2 kwietnia 2014

No.31 Endorphins

Byłam na wykładzie o nowotworach. I choć był niezmiernie ciekawy, onkologię wyrzucam z listy możliwych specjalizacji (jakbym już jej wcześniej nie skreśliła). Piękne „indiańskie ścieżki” raka zrazikowego, te cudowne szczegółowe fotografie najgorszych stadiów, ach. Ale przynajmniej doktorom udało się względnie zmniejszyć ilość przyszłych potencjalnych pacjentów...
W końcu udało mi się wprowadzić w życie plan zakładający zadowolenie z pracy.

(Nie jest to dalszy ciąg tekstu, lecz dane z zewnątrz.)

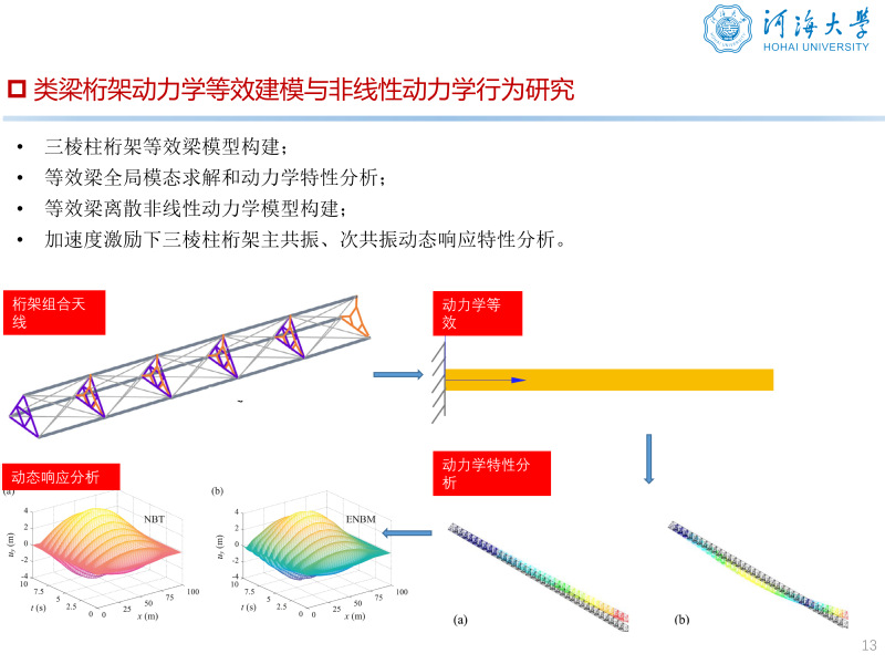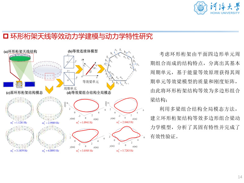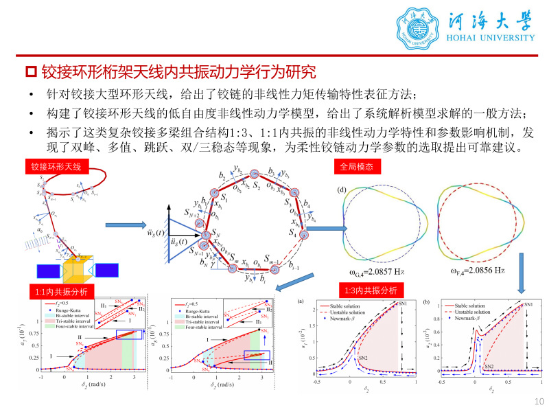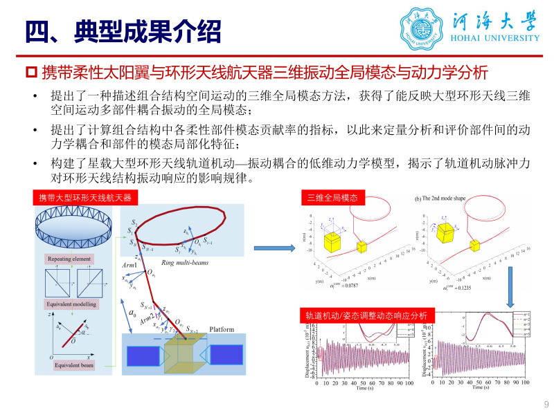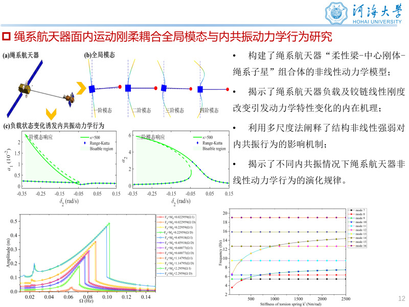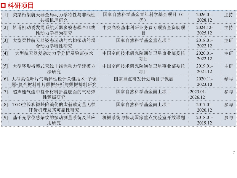 科研项目: [1] 国家自然科学基金青年科学基金项目(C类),2026.01-2028.12. 主持 [2] 中央高校基本科研业务费专项资金资助项目,2024.12-2025.12. 主持 [3] 常州市科技计划应用基础研究计划专项项目,2025.4-2027.4. 主持 [4] 国家自然科学基金重点项目“大型柔性航天器姿态运动与结构振动的耦合动力学特性研究”,2018.01-2022.12,项目编号:11732005. 参与 [5] 国家重点研发计划项目“大型柔性叶片气动弹性设计关键技术”子课题“复合材料叶片颤振分析与颤振抑制研究”,2020.11-2023.10,子课题编号:2020YFB1506702-03. 参与 [6] 国家自然科学基金面上项目“TGO生长和微缺陷演化的太赫兹定量无损评价机理及其可靠性研究”,2017.01-2020.12,项目编号:51675103. 参与 [7] 中国空间技术研究院通信卫星事业部委托项目“大型环形桁架式天线非线性动力学建模方法研究”,2019.01-2021.12,项目编号:D020213. 参与 [8] 中国空间技术研究院通信卫星事业部委托项目“大型航天器复杂动力学分析及验证技术”,2020.01-2022.12,项目编号:D020201. 参与

Przerzuciłam się na do połowy pełną szklankę i nareszcie przed wyjściem z domu nie czuję wyrzutów sumienia, że nic nie zrobiłam poprzedniego dnia. To naprawdę budujące, biorąc pod uwagę, że jeszcze niedawno byłam bliska depresji, porównując się do koleżanki, która przygotowuje się do olimpiady. I mimo że codziennie dobija mnie kolejnymi postaciami dwukrotnych laureatów wśród studentów medycyny w Krakowie, nie mam już jej tego za złe, zaczęłam traktować to jak motywację.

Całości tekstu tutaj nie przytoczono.